There are also difficult questions about who should get to participate in the long-term upside and in what form, “from contract labor to asset ownership,” as Muller put it. Creative professionals will be fighting an uphill battle without the support of impact investors.
Take for example filmmaker Ava DuVernay, who in late 2023 raised $35 million in blended financing to produce “Origin,” an award-winning film based on journalist Isabel Wilkerson’s 2020 book, “Caste: The Origin of Our Discontents.” Instead of going to Hollywood studio executives, DuVernay made a point of pursuing backers that believed in the story she was trying to tell.

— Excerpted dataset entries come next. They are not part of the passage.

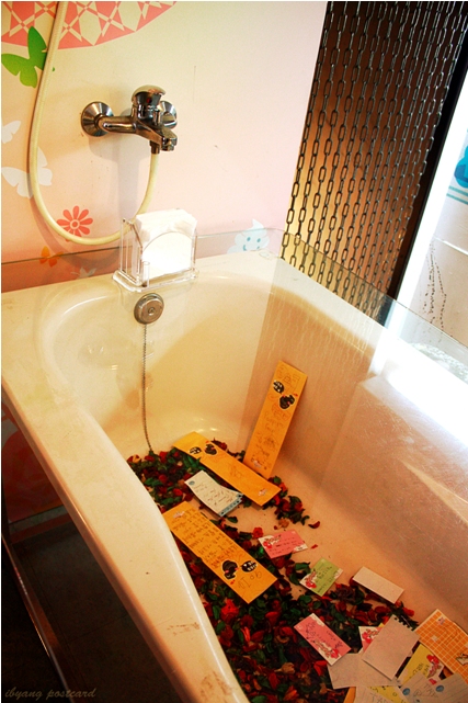 Heeeey! Another one from the very well-recognized toilet from all the toilets in the world! One table is bathroom tub and a shower on the wall. And there are even dried rose petals and letters in it.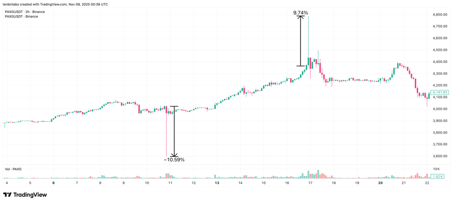 2025 年 10 月中旬,PAXG 在 Binance 现货市场一周内经历了两次明显“异常“的事件。10 月 10 日,价格下跌 10.6%;10 月 16 日,价格飙升 9.7%。两次波动均快速回归原位,几乎可以确定并非基本面变化所致,而是订单簿脆弱性的直接体现。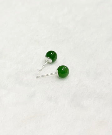 Canadian Polar Jade Ear Studs Sungreen 925 Silver Natural Jade 6mm #1497

Ford Foundation put in $10 million as the anchor investor, which helped bring in other investors like Emerson Collective (led by Laurene Powell Jobs), MacArthur Foundation, Pivotal Ventures (led by Melinda French Gates), and NBA stars Chris Paul, Karl-Anthony Towns, and Malcolm Brogdon.
“We’re looking to disrupt the systems that ensnare and keep content with purpose in a bottleneck in Hollywood,” DuVernay put it at the time. “I can’t force Hollywood to care about this. Why don’t we make it outside of Hollywood in a different way and reach audiences differently?”
Added Muller: “The challenge is not a lack of talent or ideas — it is the structural concentration of capital and distribution power. Emerging ownership models can shift that dynamic, but they require patient capital and institutional courage. When creatives have both voice and stake, the entire ecosystem becomes more innovative, more resilient and ultimately more reflective of the audiences it serves.”
Impact investors have historically underinvested in the creative economy – in part because of a lack of investable opportunities and a misperception that such investments are inherently risky and/or not that impactful.
Successes like “Sinners” and “Origin” show that the creative industries have the power to shape public imagination and catalyze social change. This is the kind of impact many impact investors are after, going beyond small, iterative improvements to transformational changes with the potential to shift entire systems.